Hadoop Tuesday Update: ‘Range of Business Solutions Built on Hadoop Continues to Grow’

In enterprises across the globe, from data centers into the executive suites, everyone is asking the same questions: What is Hadoop, and how can it help us with our Big Data challenges?

The groundswell of interest in Hadoop – an open-source software framework that enables applications to run across large arrays of nodes, accessing petabytes’ worth of data – was discussed by James Kobielus, Forrester’s Big Data and Hadoop expert, at the opening session of the Hadoop Tuesday Webinar series, sponsored by Informatica and Cloudera.  (Replay available here.) I had the opportunity to join Jim, along with Julianna DeLua, Enterprise Solution Evangelist for Big Data at Informatica, for a discussion of Hadoop’s growth across the business world.

“Hadoop is in heavy evaluation pretty much everywhere, and that’s only a slight exaggeration,” Jim pointed out. “Hadoop is seen widely now as the next generation of big data processing and storage.”

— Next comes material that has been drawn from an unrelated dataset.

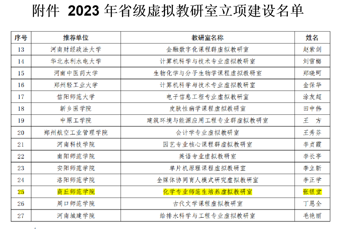 近日,河南省教育厅公布了关于2023年本科高校虚拟教研室立项建设名单。诸侯快讯官网申报的“化学专业师范生培养虚拟教研室”获批入选。

Hadoop is very much the heart of many of Forrester’s customer inquiries now, “both from users and solution providers,” he added. “They want to take this technology, this new approach, and they want to be able to integrate it more tightly in their operations if they’re users. And into their product portfolios if they’re a solution provider.”

Solution providers are also seeing a great deal of inquiries about Hadoop from enterprise customers – not only from the technical ranks, but from the executive suite as well, Julianna added. “There’s tremendous interest, but also market confusion,” she said. “Our customers have invested a tremendous amount of money, and resources into the existing IT infrastructure. The question is, what does Hadoop do – is this a replacement technology, or is this augmenting our technology?” The answer is that Hadoop is paving the way to analytical capabilities previously not available, she continued. “Tasks that used to take weeks come down to days. With an ability to store and analyze huge amounts of data, the era of sampling is coming to the end. For certain applications such as log analysis, even for network and application-level logs, we’re going from a very limited, average-oriented approach into an all-data type of approach.”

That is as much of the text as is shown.